* Exercise prompt
Without any pictures, reproduce exactly the lines running from the line containing "Hari ini Senin, 20" through the end of the entries.
● ● ●
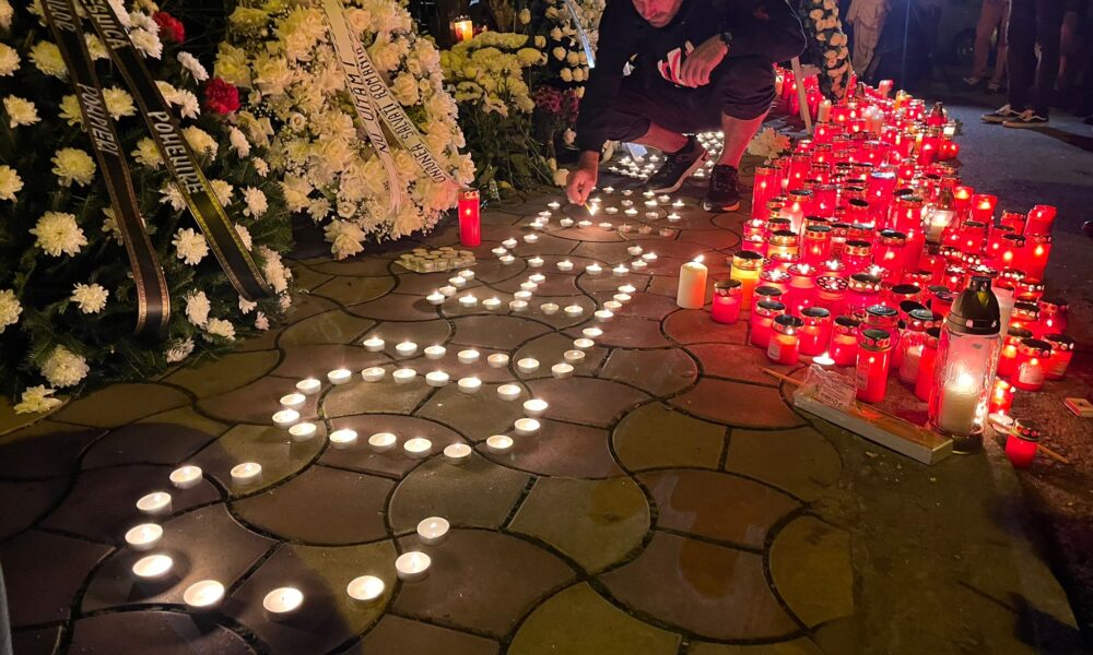 UPDATE: Oamenii au ajuns la monumentul victimelor incendiului din clubul Colectiv. Aceștia au adus flori, au aprins  lumânări și plâng privind la fotografiile oamenilor care au murit cu 10 ani în urmă.
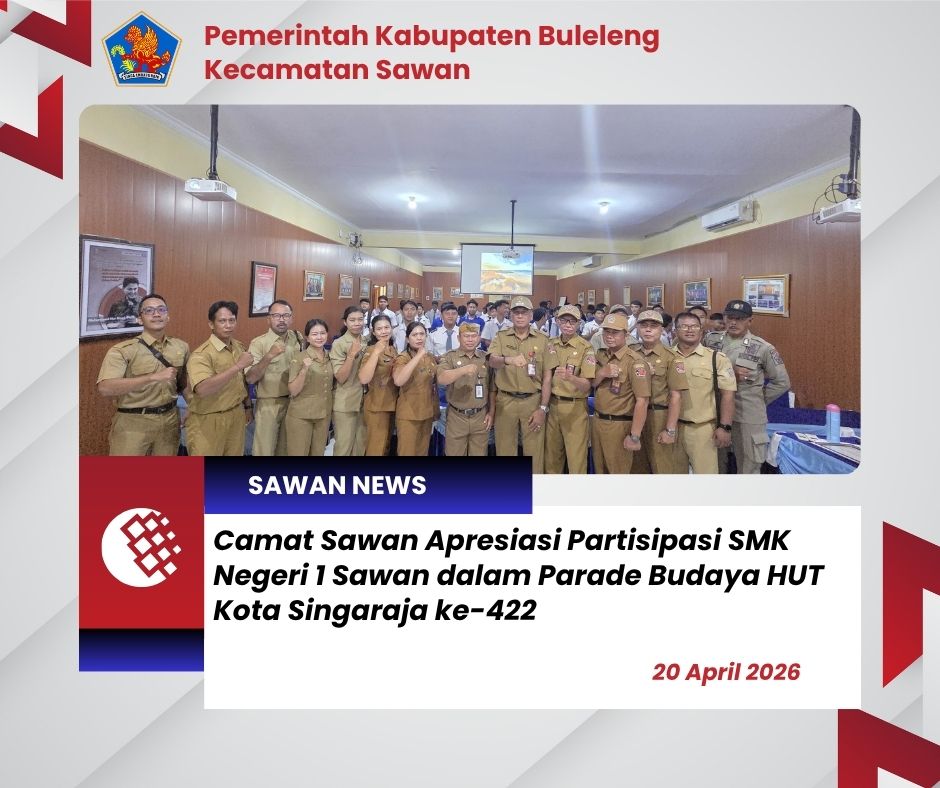 Hari ini Senin, 20 April 2026, Camat Sawan I Ketut Cantyana, SP bersama panitia parade budaya melaksanakan kunjungan ke SMK Negeri 1 Sawan sebagai bentuk apresiasi dan ucapan terima kasih atas partisipasi sekolah tersebut dalam kegiatan parade budaya memperingati Hari Ulang Tahun (HUT) Kota Singaraja ke-422.
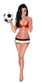 Для Любителей просмотра футбольных матчей, футбола как вида спорта, будет актуальна такая симпатичная девушка с мячем в комнате.
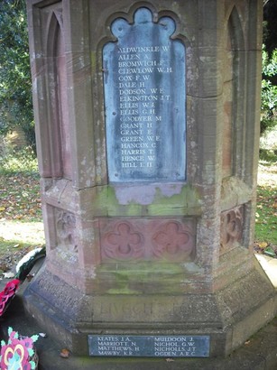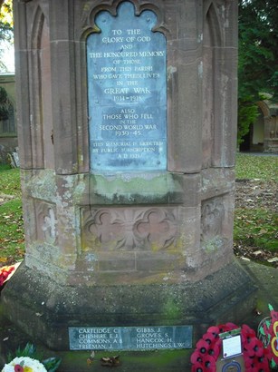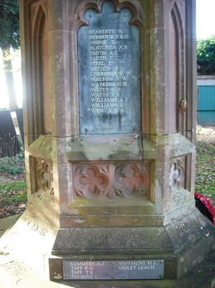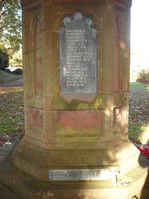 Names listed for WW1 : Aldwinkle W, Allen A, Bromwich F, Clewlow W H, Cox F W, Dale H, Dodson W E, Elkington J T, Ellis W J, Ellis G H, Goodyer M, Grant H, Grant E, Green W E, Hancox C, Harris T, Hence W, Hill L H, Hirons W J, Hopkins F, Howard S, Humphries P, Jones E H, Leeson A W, Louch T, Matthews W A J, Meddows A E S, Meddows H T, Mills G, Neal W, Oldham H J, Payne H J, Pettifer S A, Pullen H J, Round W A, Rowe G H, Scarlett W, Seymour J R G, Shone T, Slater A B, Smith A J, Smith T, Steel E, Sutton S, Underwood W, Walton T W, Watkins G H, Watts C H, Watts T E, Williams A J, Williams J, Wing L W. // WW2 : Carlidge C, Cheshire E J, Commons A B, Freeman J, Gibbs J, Groves S, Hancox H, Hutchings L W, Keates J A, Leach Violet, Marriott N, Matthews H, Mawby K R, Muldoon J, Nichol G W, Nicholls J T, Ogden A R C, Pettifer S, Potter J, Powell P, Price E I, Price H L, Prince E, Rushton W, Starmer E E, Summers A J, Tapp F G, Tapp T R, Thomas L, Whyment H L.
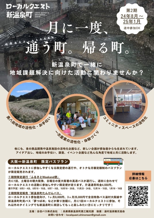 全但バス株式会社(本社:兵庫県養父市、代表取締役社長 村上宣人)は、このたび、観光庁の実証事業「『第2のふるさとづくりプロジェクト』ターゲットニーズに着目した再来訪促進のためのモデル実証事業」の採択を受け(※1)、地域活性化に向けた企画・イベント開催を通じて、新たなファンを創出するためのプログラム「新温泉町ローカルクエストvol.2」を展開します。当社が観光庁の『第2のふるさとづくりプロジェクト』の採択を受けるのは、2023年度に続き、2度目となります。
● ● ●
* Reply
 Hari ini Senin, 20 April 2026, Camat Sawan I Ketut Cantyana, SP bersama panitia parade budaya melaksanakan kunjungan ke SMK Negeri 1 Sawan sebagai bentuk apresiasi dan ucapan terima kasih atas partisipasi sekolah tersebut dalam kegiatan parade budaya memperingati Hari Ulang Tahun (HUT) Kota Singaraja ke-422.
 Для Любителей просмотра футбольных матчей, футбола как вида спорта, будет актуальна такая симпатичная девушка с мячем в комнате.
 Names listed for WW1 : Aldwinkle W, Allen A, Bromwich F, Clewlow W H, Cox F W, Dale H, Dodson W E, Elkington J T, Ellis W J, Ellis G H, Goodyer M, Grant H, Grant E, Green W E, Hancox C, Harris T, Hence W, Hill L H, Hirons W J, Hopkins F, Howard S, Humphries P, Jones E H, Leeson A W, Louch T, Matthews W A J, Meddows A E S, Meddows H T, Mills G, Neal W, Oldham H J, Payne H J, Pettifer S A, Pullen H J, Round W A, Rowe G H, Scarlett W, Seymour J R G, Shone T, Slater A B, Smith A J, Smith T, Steel E, Sutton S, Underwood W, Walton T W, Watkins G H, Watts C H, Watts T E, Williams A J, Williams J, Wing L W. // WW2 : Carlidge C, Cheshire E J, Commons A B, Freeman J, Gibbs J, Groves S, Hancox H, Hutchings L W, Keates J A, Leach Violet, Marriott N, Matthews H, Mawby K R, Muldoon J, Nichol G W, Nicholls J T, Ogden A R C, Pettifer S, Potter J, Powell P, Price E I, Price H L, Prince E, Rushton W, Starmer E E, Summers A J, Tapp F G, Tapp T R, Thomas L, Whyment H L.
 全但バス株式会社(本社:兵庫県養父市、代表取締役社長 村上宣人)は、このたび、観光庁の実証事業「『第2のふるさとづくりプロジェクト』ターゲットニーズに着目した再来訪促進のためのモデル実証事業」の採択を受け(※1)、地域活性化に向けた企画・イベント開催を通じて、新たなファンを創出するためのプログラム「新温泉町ローカルクエストvol.2」を展開します。当社が観光庁の『第2のふるさとづくりプロジェクト』の採択を受けるのは、2023年度に続き、2度目となります。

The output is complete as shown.